Should I split the urea or apply it all at once?+

Split it. Apply DAP and MOP fully at sowing (basal), but split urea into 2–3 doses — typically half at sowing and the rest at active growth/tillering — because nitrogen leaches and volatilises if applied all at once, wasting money and polluting water.

How does a soil test change the fertilizer dose?+

If your soil already tests high in phosphorus or potassium, you need less of them; if low, you need more. Set the soil P and K status (Low/Medium/High) and the calculator scales those nutrients up or down, so you don't over- or under-apply.

Do legumes need nitrogen fertilizer?+

Very little — legumes like soybean, chickpea and groundnut fix their own nitrogen, so they get only a small starter dose (often covered by the N in DAP) plus phosphorus and potassium. The calculator reflects this with near-zero urea for legumes.

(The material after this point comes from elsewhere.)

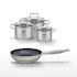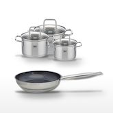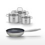 - COMPOSITION : La poêle est en acier inoxydable avec un revêtement sans PFAS. Les faitouts sont en inox avec couvercles en verre.

Can I calculate the fertilizer cost?+

Yes — switch on prices, enter your local cost per kg for Urea, DAP and MOP and pick a currency, and the tool totals the fertiliser cost for your field.

Can I use bigha, acre or hectare?+

Yes — acre, hectare, bigha, guntha or square metres. Bigha varies regionally; this uses a common North-India pucca bigha (~2,529 m²), so adjust if your local bigha differs.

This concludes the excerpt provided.